We spoke to the neuro-surgeon last night. He explained that some circumstances are black and white and some are gray. The one we are in with Zayne is gray. He basically said the decision is up to us. Up to us. My husband and I both felt the weight the neuro-surgeon put in our lap. When we first went to Texas the decision was clear. He was having awful headaches, the surgeon said he could help us. We did brain surgery and I saw my boy again for the first time in years. And now that everything has grown back but not having headaches the table turns. The decision tossed. Tossed in the air for any of us to grab and make. It’s a catch 22 I feel like. How do we as his parents decide what he needs? If we wait does he go blind in one eye? If we choose to put a port in his brain to drain the cyst risks of seizures, infection swarm over our heads like a bad dream you can’t wake up from. If we choose chemo we risk infection, depleting his body, and having him feel all around horrible. I was watching him play in the corn field the other day, so sweet. Innocent. Flashes of random memories are constantly running through my head threatening to choke me with grief. I want to go back. Back to after surgery. Back to Disney after we left Texas. I haven’t seen that boy in so long. The doctors tell me the cyst doesn’t cause behavioral changes. I know better. It was the little things that made my guts roll 2 months after surgery and I knew. I knew. I knew. I didn’t want to know. He wasn’t having headaches, his vision was normal. It was simply his demeanor. I can’t even explain it with all the words in the dictionary. NO word explains what I know from simply being his mother and having my kids be the very air I breathe.
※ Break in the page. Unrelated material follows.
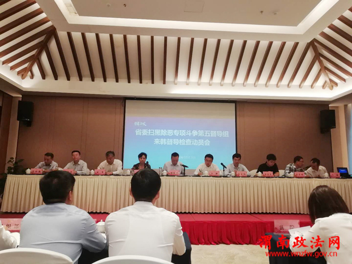 渭南政法网(通讯员 张锦霞)9月12日,韩城市召开了省委扫黑除恶专项斗争第五督导组来韩督导检查动员会,市长杜鹏主持会议。会上,第五督导组组长胡跃宏就督导职责、工作要求、工作任务等做了详细的安排部署,并代表督导组表态:督导组一行将通过走访群众、座谈等方式摸清实情、严明纪律、掌握实情,客观真实的发现问题并如实汇报省委。市长杜鹏强调,针对此次省委督导,我们一要无缝衔接、做好督导配合工作;二要结合韩城实际、掀起强大攻势;三要切实抓好整顿,立行立改。

People are always asking me what I think. What direction we will go. And honestly I feel betrayed. I wasn’t prepared. I thought I would be thankful when the boys went back to school. It would give me an opportunity to cry. Just cry and not worry about alarming them. But I fear all the free time has allowed my mind to dwell. Thoughts I would never allow into my precious barricaded heart have morphed into smoke and found cracks and crevices. The thought of being forsaken has become strong. I play my worship music and try to believe the words…make myself fight for what I know to be true. But it’s tug of war. I go from cursing God and screaming at Him asking why He would give us that gift of normalcy for 2 months after surgery only to take me deeper to rock bottom than I imagined. How could He do this? Why? It’s down right mean. Then leaving the hospital a week ago I see children with far greater need than my own. And I am thankful. I’m thankful my son runs and plays. I’m thankful he’s not in a great amount of pain. I’m thankful for his beautiful smile he’s able to give me. I’m thankful to hear his little voice sing the songs he’s heard his mama sing. I find myself teetering on CHOOSING to believe what I know in my heart to be true or believe God has left me and let it change me forever. I’m so tired. I find my fighting spirit struggling. I’ve always been a fighter. And I find myself asking what to fight for. This battle with my son is beyond my reach. I can’t make the cyst deflate. I can’t make the tumor disappear. I can’t kiss away the blindness in his eye. I can’t erase all the pokes, the sickness and headaches. I find myself researching his tumor, the chemo, the cyst. All to no avail. Any information I gather does not change what I know in my guts. That is, that this plan is not mine. No one would choose this for their child.
So I come to the defeating and surrendering conclusion that I have to believe God has a plan. Because Faith…Faith is unseen hope. If I were to turn from my faith…all hope would be lost.